Tüm bunlarla birlikte Covid–19 küresel salgını bazı eksiklerimizi görmemize yardımcı olabilir mi? sorusu da aklımızın bir köşesinde kalmalı. Turizmde Türkiye’ye rakip olan ülkelerden Portekiz, seyahat acenteleri ve etkinlik organizasyonları için 200 milyon Euro’luk kredi paketi sağlamaktadır. Bu destek İspanya turizm işletmeleri için 4.2 milyar Euro iken, Fransa da 18 milyar Euro’luk “Turizm Destek Paketi” sunmaktadır. Peki, biz neden turizm işletmelerimizi daha zor durumlara itiyoruz? Ayrıca birçok büyük tur operatörü ve seyahat acentesine sahip İngiltere’de Seyahat Derneği’nin (ABTA) açıklamalarına göre; seyahat acenteleri turizm alanında sağlanan destek paketinde yer almamaktadır. Ki bu durum, birçok seyahat acentesinin kapanmasına neden olmaktadır. Dolayısıyla önümüzde böyle olumsuz bir örnek varken, rakiplerimizin çoğu gerekli önlemleri ve iyileştirmeleri yaparken, turizmden daha fazla pay almada önemli bir yere sahip olan seyahat acentelerimizin daha etkin çalışmasına olanak sağlayan iyileştirmeleri neden yapmıyoruz? Örneğin; 1618 sayılı Seyahat Acentaları ve Seyahat Acentaları Birliği Kanununu, acentelerinin faaliyetlerini geliştirmek ve sektörü daha canlı bir hale getirebilmek adına sektörün gerçeklerini değerlendirerek (Üye aidatları, birlik kayıt ücreti, belge devri…) yeni bir yaklaşımla revize etmek mümkün olabilir mi? Bence bu yapılabilir. Öyle ki rezervasyon iptalleri ile başlayan acentelerin haklı veryansınına hep birlikte kulak vermeli, mevcut sorunlara yönelik çözümler yara bandı niteliğinde değil, tedavi edici nitelikte olmalı ve 2023 hedeflerine ulaşmak için omuz omuza çalışmaya devam etmeliyiz.

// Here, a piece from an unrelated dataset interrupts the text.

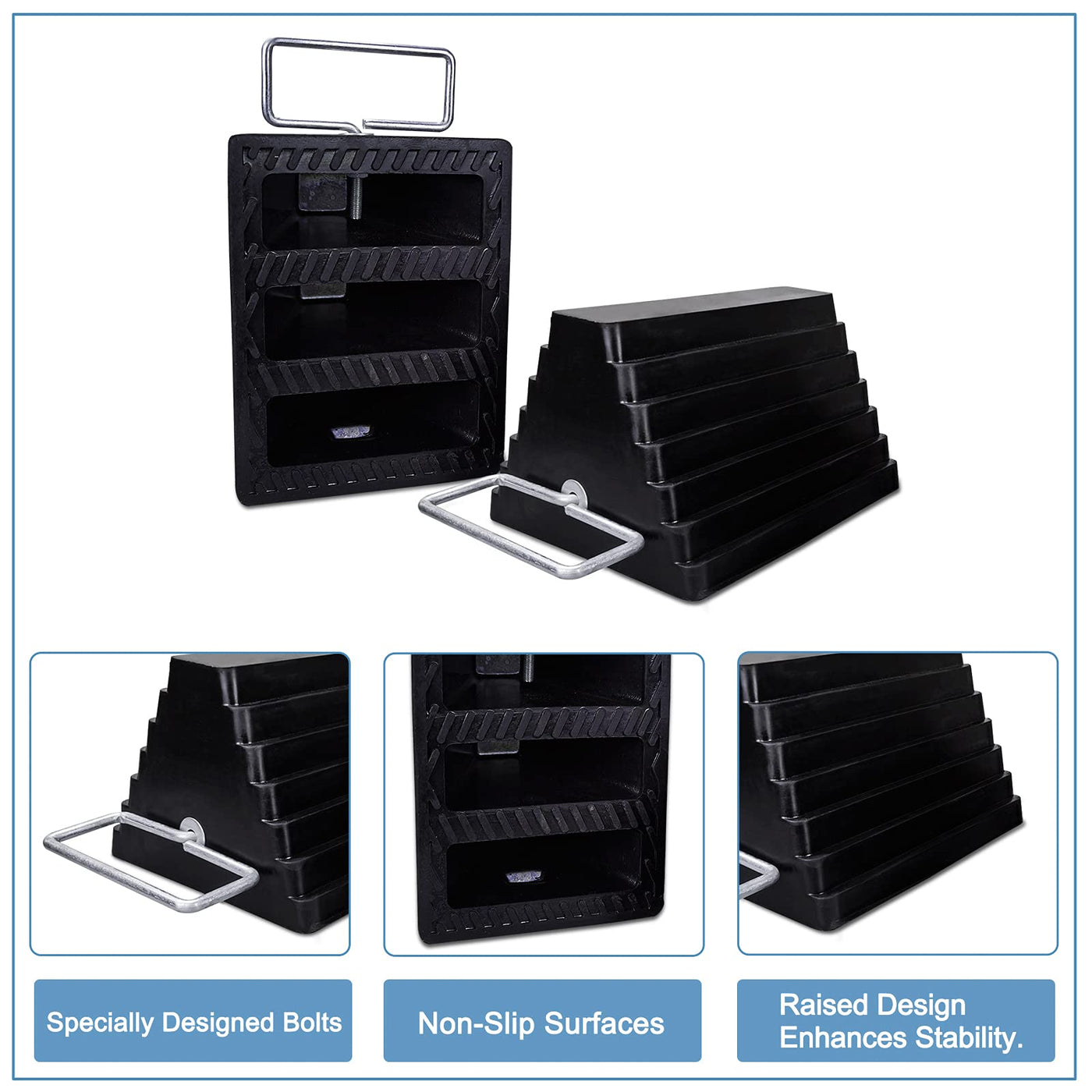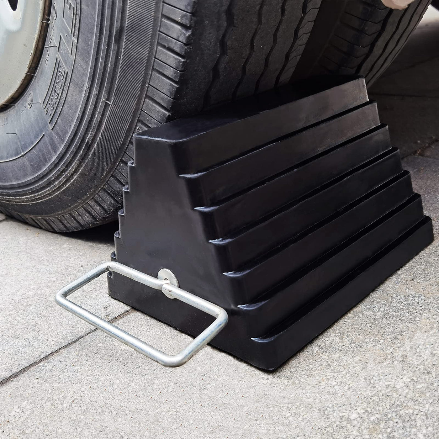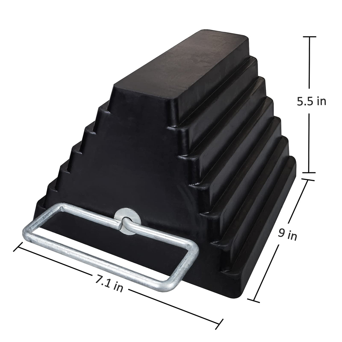 Material Performance: Wheel Chocks Are Made Of Special Rubber, Which Is Durable, Anti-Ultraviolet, And Oil-Resistant The Unique Design Of The Bottom Application Grid Greatly Enhances The Grip And Friction The Scientific Triangle Shape Can Carry More Weight Built-In Magnified Steel Eye Bolts To Connect Chains Or Ropes For More Comfortable And Convenient Grasping &Nbsp; Compatibility: Chocks Are Compatible For Trucks, Private Cars, Trailers, Campers And Other Models The Wheel Bearing Housing Is Suitable For A Variety Of Environments And Can Be Used In Parks, Garages, Highways And Other Places. No Need To Worry About The Sliding Problem Of The Vehicle, You Can Do Your Own Things With More Peace Of Mind &Nbsp; Specification: Size: 9 Inches X7.1 Inches X 5.5 Inches Weight: 13.2 Pounds Quantity: 2 Color: Black

Unutmadan bir de turizm çalışanlarına yönelik aşı konusu var. Şu ana kadar turizm çalışanlarına yönelik aşı programının açıklanmaması oldukça düşündürücüdür. Tabi bu konu ayrıca ele alınması gereken bir konu tabii ki. Ancak turizm çalışanlarının aşı programı ile ilgili ciddi sorunların karşımıza çıkabileceğini belirtip bu konuyu bir sonraki yazımıza bırakalım.
Sağlıklı ve güvenilir turizm günlerinde buluşmak dileğiyle.